Of the three the family had planted, Don's was putting on the best show by far. She picked a bud and rubbed it between finger and thumb to smell the scent before admitting herself to the house. Marshall wouldn't be home for at least an hour. She listened to the reassuring emptiness and extracted a pair of noonday bills from their dun envelopes, then flattened them on the hall table while the answering machine's tape gibbered backward until it was ready to talk.
"Don Trovis? Jum Peesley hair frum Olster. Cuddn't reese yu at your shoap. I see yu've books by Ostin Forchaild in yure nu cotolog. I wus begunnung tu thonk I was the only follor whu'd hoard of hom. Raid hom yuresolf uf yu're ofter a gud loff. I'd lake yu tu sond me Daith of a Bodgie ond Socks un Rostoronts. Thonks."
"You're welcome," Susanne murmured, reflecting that she would have to ask Don whether the second book was concerned with socks or sex. The machine held its breath for a couple of seconds before beeping to indicate the end of the message, and then she heard Don's voice. "Hi, Susanne?"
"Hi."
"Are you home?"
"Can't you tell?"
"Are you home yet?"
"I'd say so."
"Pick up the phone if you are."
"Hey, Don, you can tell I'm..."
"Sounds like you aren't, huh?"
"If you'd waited maybe just a few minutes..."
"I was only going to tell you, well, that's what I'm doing in fact, no, I'll wait until I see you."
"Don, you're really starting to make me itch."
"Let's just say why don't you come to the shop and bring Marshall if he finishes his homework, and we'll eat at the Turkish joint we all liked."
"Are we celebrating something I don'
t know about? I hope you're going..."
"You know, I'm beginning to think we might like to stay in this country for good."
"I take it you're not about to share your reasons.
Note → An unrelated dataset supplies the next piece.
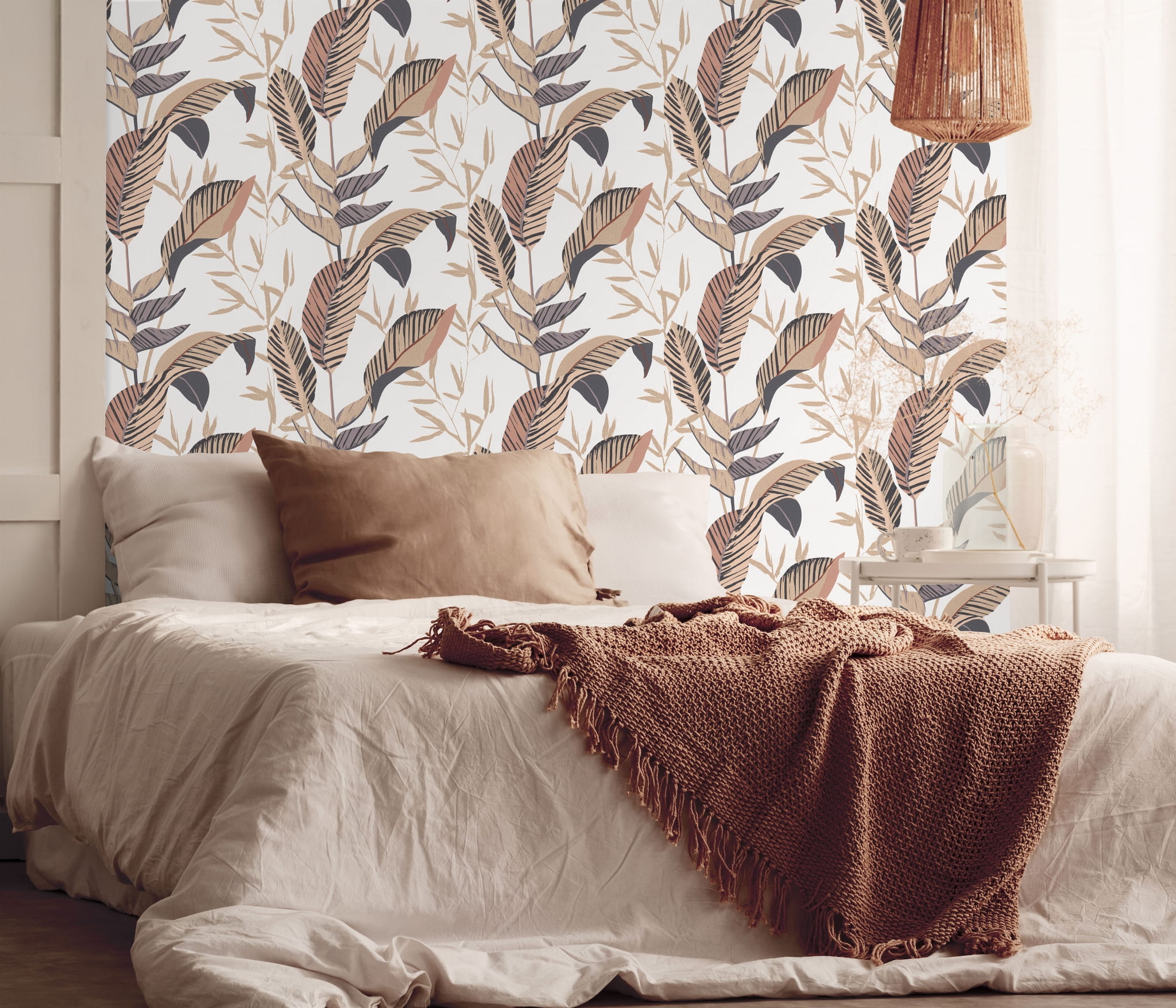Tapeta ścienna w przepiękne duże liście bananowca i listki bambusa prezentuje się dobrze zarówno w pomieszczeniach, w których spędza się większość wolnego czasu - jak salon i sypialnia, ale również w przedpokoju. Wzór jest nowoczesny, prosty i na tyle elastyczny, że na pewno sprawdzi się wszędzie, gdzie tylko go potrzebujesz.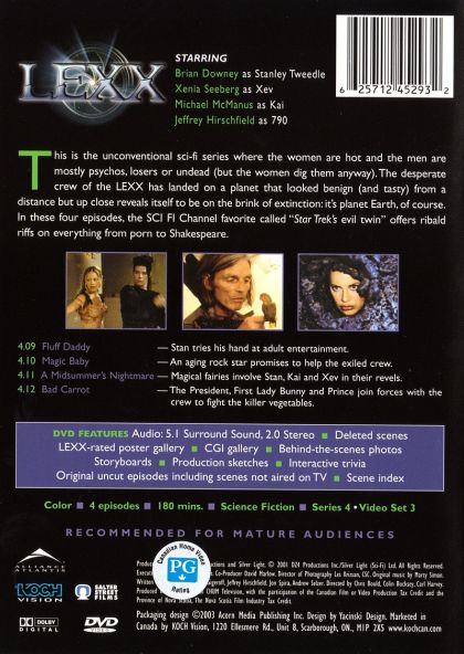 This is the unconventional sci-fi series where the women are hot and the men are mostly psychos, losers or undead (but the women dig them anyway). The desperate crew of the Lexx has landed on a planet that looked benign (and tasty) from a distance but up close reveals itself to be on the brink of extinction: it's planet Earth, of course. In these four episodes, the Sci Fi Channel favorite called Star Trek's evil twin, offers ribald riffs on everything from porn to Shakespeare. 4.09 Fluff Daddy - Stan tries his hand at adult entertainment. Xev meets a live Kai. 4.10 Magic Baby - An aging rockstar promises to help the exiled crew. 4.11 A Midsummer's Nightmare - The LEXX crew tangles with Oberon King of the Faries. 4.12 Bad Carrot - President Priest, Bunny, and Prince join forces with the LEXX crew to fight killer carrots.

You're not, are you? I don't believe this conversation."
"Call me. I'll wait here until you do."
"I'm glad you at least realise..."
"By the way, I love you."
"I should hope so after all that," Susanne retorted, a response which was pierced by the beep. If he'd called a while ago perhaps he might have left a more recent message.
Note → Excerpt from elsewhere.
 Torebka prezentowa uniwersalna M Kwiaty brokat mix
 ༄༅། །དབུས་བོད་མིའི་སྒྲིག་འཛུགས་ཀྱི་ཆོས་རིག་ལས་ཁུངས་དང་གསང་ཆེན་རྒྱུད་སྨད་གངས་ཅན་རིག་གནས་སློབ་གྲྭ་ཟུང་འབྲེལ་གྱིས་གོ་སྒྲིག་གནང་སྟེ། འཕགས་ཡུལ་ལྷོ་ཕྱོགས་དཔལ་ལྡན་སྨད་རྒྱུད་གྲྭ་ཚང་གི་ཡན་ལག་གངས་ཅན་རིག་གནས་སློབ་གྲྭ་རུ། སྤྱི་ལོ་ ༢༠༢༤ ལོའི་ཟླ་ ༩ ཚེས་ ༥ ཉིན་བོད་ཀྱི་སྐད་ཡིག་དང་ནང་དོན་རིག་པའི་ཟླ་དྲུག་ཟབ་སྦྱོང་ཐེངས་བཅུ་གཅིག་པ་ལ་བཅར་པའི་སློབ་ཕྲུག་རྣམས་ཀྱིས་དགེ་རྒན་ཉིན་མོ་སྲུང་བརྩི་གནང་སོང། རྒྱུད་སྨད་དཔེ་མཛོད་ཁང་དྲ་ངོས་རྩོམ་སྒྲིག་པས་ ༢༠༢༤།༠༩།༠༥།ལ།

"Don Trovis? Jum Peesley ugon. I shude hov sod the nombors hum yure cotolog. Twonty-sucks and twonty-sovon. Ony chonce I cud hov fofty-sucks as wull, thot's Sockung the Volcano, and suxty-tu, Laije us a Murror? Thonks os uvor."
"Don't monshon ot," Susanne couldn't resist saying as the beep put an end to him. She waited for Don to come up with an afterthought, but after the beep was only the silence of a caller who'd decided not to speak. Few traits irritated Susanne more, and this particular absence made her anxious to know who might have been there. No doubt she would never know. When the machine beeped again she stopped the tape so that Don would be able to rerun the messages from Jim Paisley of Ulster, and phoned the shop. Had the silent caller bothered her so much that she'd misdialed? Instead of ringing she heard a long lugubrious note like an alarm. She dialled again, and then again before she was convinced the shop phone was out of order.
"Well, that's just fine," she said aloud. How long would it take Don to realise she couldn't return his call? More than once he'd come home hours late, apologetic every time, having lost himself in cataloguing books, and she knew better than to expect a little thing like the silence of the phone to intrude on his concentration. She could be at the shop in half an hour—less if she parked on the street outside. Maybe she should wait for Marshall to arrive home, though on second thought he wouldn't have found her there if her teaching hadn't been cut short. She tramped into the kitchen to brew herself coffee while she attempted to decide what to do, then switched off the lukewarm percolator.